Com dedo em riste e sobrancelhas arqueadas, a maestrina Hugueta Sendacz, 95, explicava ao público a origem do hino dos partisans, a resistência judaica ao nazismo. Sua fala, seguida de uma apresentação do coral que rege, foi o momento áureo das celebrações do Levante do Gueto de Varsóvia que acontecem todo ano na Casa do Povo, no centro de São Paulo. A festa aconteceu na última terça-feira (19).

De vestido e meia-calça pretos, Hugueta encolhia o corpo conforme a música ficava mais lenta e baixa. Depois, crescia para os lados e para cima, quando o cântico ganhava ritmo. Foi ela quem comandou a noite, ora entoando um discurso — fazendo muitos na plateia lacrimejarem —, ora transmitindo ternura e leveza ao conduzir o coro de 11 vozes cantando em iídiche.

"Nunca digas que esta é a sua última caminhada", traduziu Hugueta. Ela contou para cerca de 200 pessoas que o hino fora composto por Hirsch Glick, jovem poeta lituano. Glick o compôs entre campos de concentração e o gueto de Vilna, para onde eram levados os judeus antes de serem conduzidos aos campos de concentração.

"O compositor pegou o espírito da luta, da dignidade. De lutar com armas das mãos", afirmara a maestrina dias antes, em entrevista ao TAB.

A sonoridade do hino regido por Hugueta é estranha aos ouvidos brasileiros. A língua iídiche, hoje restrita a comunidades judaicas ultraortodoxas, sobrepõe traços do alemão, do hebraico e de línguas eslavas.

Em 19 de abril de 1943, cerca de setecentos combatentes judeus do Gueto de Varsóvia pegaram em armas para impedir que o exército nazista seguisse com as deportações. Menos de um mês depois, a insurreição foi massacrada pelo exército alemão.

A festa de terça-feira traçou um paralelo entre o cântico dos judeus perseguidos e os levantes negros, já que a Casa do Povo abriga temporariamente o acervo da Casa Sueli Carneiro, filósofa e escritora antirracista. A oradora foi Lucia Xavier, que há três décadas atua em defesa dos direitos das mulheres negras.

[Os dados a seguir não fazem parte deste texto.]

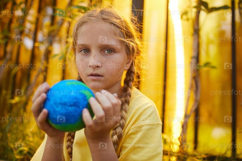 Красноволосая девушка держит планету
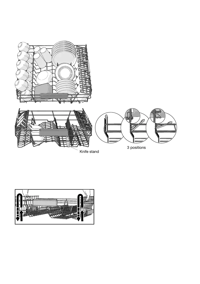 Place glasses, cups, bowls, side plates and saucers in the upper basket. All dirty surfaces should face
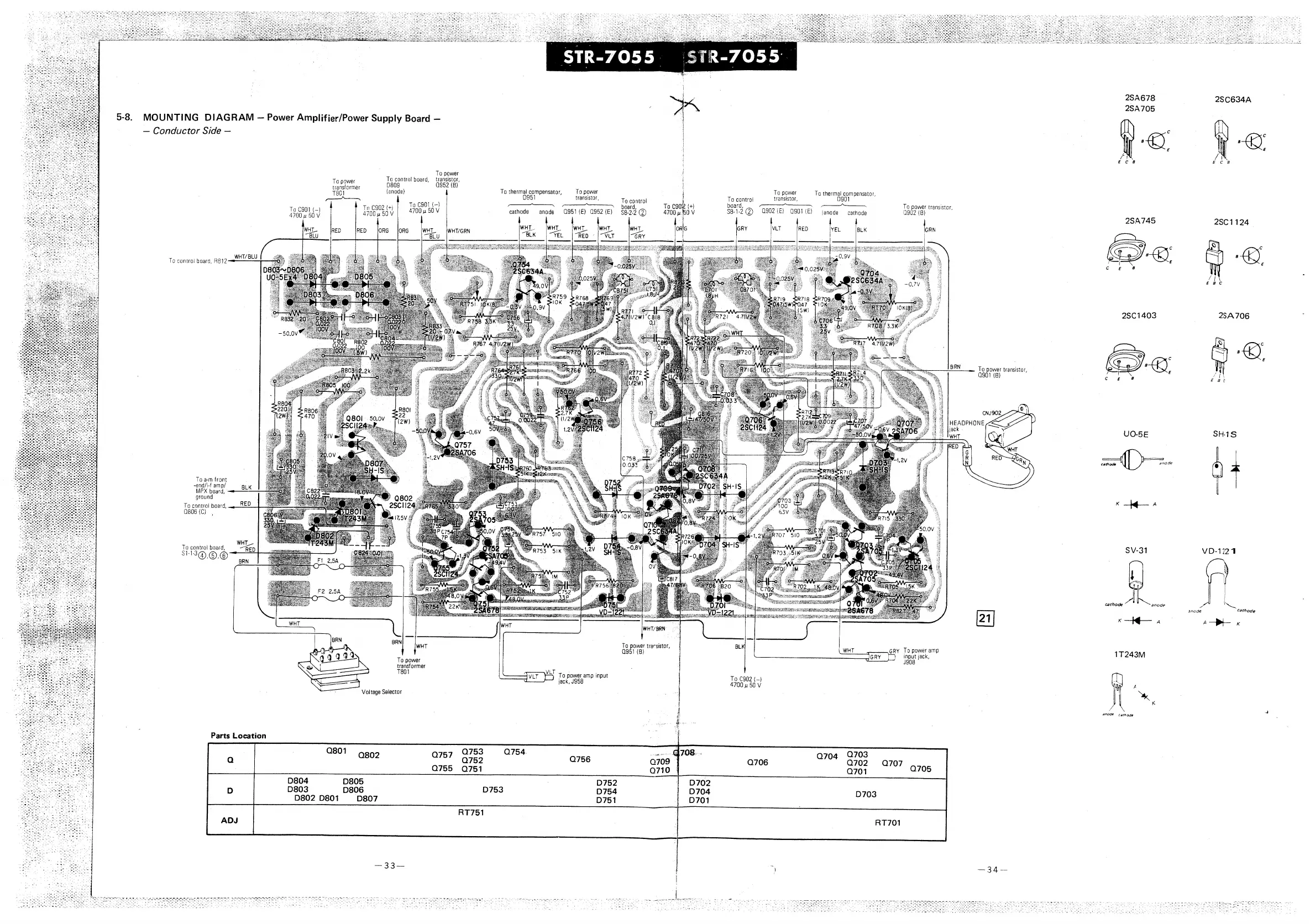 Sony STR-7055 - Mounting Diagram - Power Amplifier;Power Supply Board - Conudctor Side
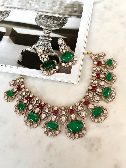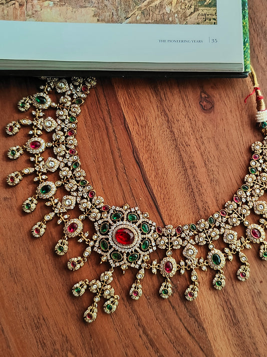 Pre Order- Indus Ruby Moissanite Polki Necklace Set

Hugueta Sendacz, 95, coordena um coral iídiche na Casa do Povo, em São Paulo - Fernando Moraes/UOL - Fernando Moraes/UOL
Imagem: Fernando Moraes/UOL

De tijolo em tijolo

A história de Hugueta mistura-se a de uma pequena comunidade de judeus que foi morar no bairro do Bom Retiro. O fotógrafo Bob Wolfenson, 67, cresceu nesse ambiente. Para ele, Hugueta Sendacz é "tia Hugueta".

Bob morava com seus pais no mesmo edifício onde viviam Hugueta e seu marido já falecido, José Sendacz. O apartamento pertencia à mãe da maestrina.

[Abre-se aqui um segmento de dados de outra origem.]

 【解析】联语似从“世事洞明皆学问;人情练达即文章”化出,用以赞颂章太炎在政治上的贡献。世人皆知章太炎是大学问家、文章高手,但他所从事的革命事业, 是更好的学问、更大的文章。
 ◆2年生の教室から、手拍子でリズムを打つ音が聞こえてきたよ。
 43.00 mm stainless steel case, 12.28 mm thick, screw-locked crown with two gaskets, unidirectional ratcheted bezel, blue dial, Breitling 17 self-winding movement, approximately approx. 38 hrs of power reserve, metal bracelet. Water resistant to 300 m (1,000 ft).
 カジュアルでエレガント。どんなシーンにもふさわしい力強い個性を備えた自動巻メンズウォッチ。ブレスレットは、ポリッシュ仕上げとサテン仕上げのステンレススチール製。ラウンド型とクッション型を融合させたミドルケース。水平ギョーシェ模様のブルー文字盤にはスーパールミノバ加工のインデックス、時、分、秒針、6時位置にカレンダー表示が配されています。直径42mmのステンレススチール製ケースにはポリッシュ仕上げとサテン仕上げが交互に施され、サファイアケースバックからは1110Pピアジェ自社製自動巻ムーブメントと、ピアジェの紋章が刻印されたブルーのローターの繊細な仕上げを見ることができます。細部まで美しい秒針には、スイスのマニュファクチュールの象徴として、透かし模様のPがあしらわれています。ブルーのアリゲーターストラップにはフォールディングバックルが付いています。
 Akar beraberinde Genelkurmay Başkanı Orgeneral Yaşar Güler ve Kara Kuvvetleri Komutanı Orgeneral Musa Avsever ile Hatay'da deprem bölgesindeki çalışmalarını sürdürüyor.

Ele descreve esse ambiente "judaico-ateu" como marcado por intensas atividades políticas e culturais. "Nossa família não era religiosa. Restava essa coisa de humanismo, de cultura", relembra.

O fotógrafo se recorda das tardes que passava na casa de Hugueta. Quando era muito pequeno, ficava horas brincando com as louças dela, enquanto seus pais saíam para trabalhar.

Foi o ambiente festivo, na casa de Hugueta e José, que o marcou anos depois. "Aos sábados tinha uns aperitivos na casa deles, uns queijinhos. Eles bebiam. Era um lugar muito animado, cheio de conversa." Ele via em Hugueta e em todos os que frequentavam o círculo bastante ativismo.

"Era uma casa frequentada por muitos amigos. Ali eles resolviam todos os problemas do mundo", comenta Hugueta rindo, com alguma ironia. Hugueta fazia parte de um grupo de teatro, onde era atriz, figurinista e tradutora das peças do iídiche ao português. Ela e seu marido foram donos de uma fábrica de roupas; José cuidava do administrativo, e Hugueta da criação. Ela conta que estava sempre no aeroporto para ver "o pessoal chegar chique, elegante, [bem] vestido" — e ressalta que procurava apenas as tendências, não copiar modelos estrangeiros.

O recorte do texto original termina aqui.